1 nov. 2010

La risa de los puentes

Yo era rígido y frío, yo era un puente y estaba tendido sobre un barranco. Boca arriba, veía las nubes pasar y dibujar caricaturas, pésimos chistes, aunque de todas formas no podía evitar reír, pero eso más bien se debía a que los viajeros, al cruzar, me hacían cosquillas con sus pies. Entonces el teléfono empezó a sonar. Si yo iba y lo atendía, los que me atravesaban en ese momento caerían y, en el fondo, los recibiría un río bravo y hambriento; no que otra cosa hubiese sido menos peor, claro. Luego del sexto timbre, la máquina contestadora inició la grabación. Era el río. Sabía que yo estaba ahí.

-Te estoy viendo ahí arriba- gritaba- atendeme el puto teléfono.

¿Pero qué podía hacer yo? Las nubes no me daban consejo alguno, seguían haciendo su show, malísimo, conmigo como espectador cautivo.

-Bueno, por lo menos date vuelta que te quiero mostrar algo- dijo el río.

Yo, que era un curioso sin remedio, no lo pensé ni un segundo y giré sobre mí mismo, sólo para darme cuenta del enorme error que había cometido, mientras veía que los viajeros caían a una muerte segura.
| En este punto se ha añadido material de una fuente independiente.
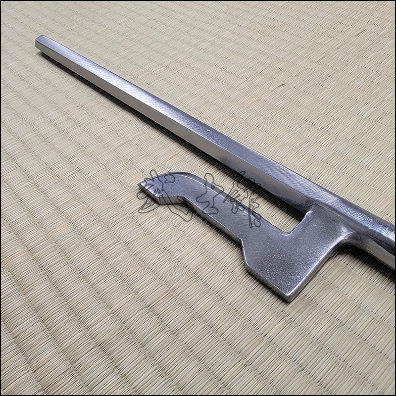 Jutte or Jitte – This single weapon has been especially designed for the proper practice within the Ikkaku Ryu Juttejutsu ryuha. This Jutte model is characterized by having a hexagonal blade (monouchi) and pointy back (tsukagashira) made from wrought iron with polished finish and no cord.
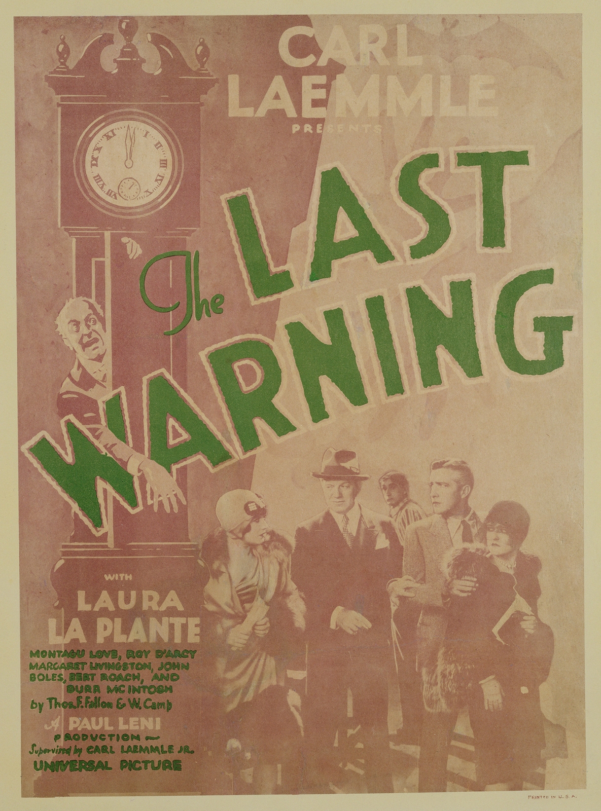 "The Last Warning is significant in Universal's history as it was Paul Leni's last film and a key role for Universal's leading lady of the 1920s, Laura La Plante," said Michael Daruty, Senior Vice President, NBCUniversal Global Media Operations. "Through the silent film initiative, our two goals are to preserve the films for the future and share them with audiences."

Sin embargo, para mi sorpresa, no me miraban a mí, con recriminación, sino a las payasadas que realizaban las nubes: se cagaban de risa.

-¿Ves?- continuó el río- No es que las nubes no sean buenas en lo que hacen, sino que, simplemente, vos sos rígido y frío, un triste puente tendido sobre un barranco, sin sentido del humor.

Sonó un click e, inmediatamente, splash.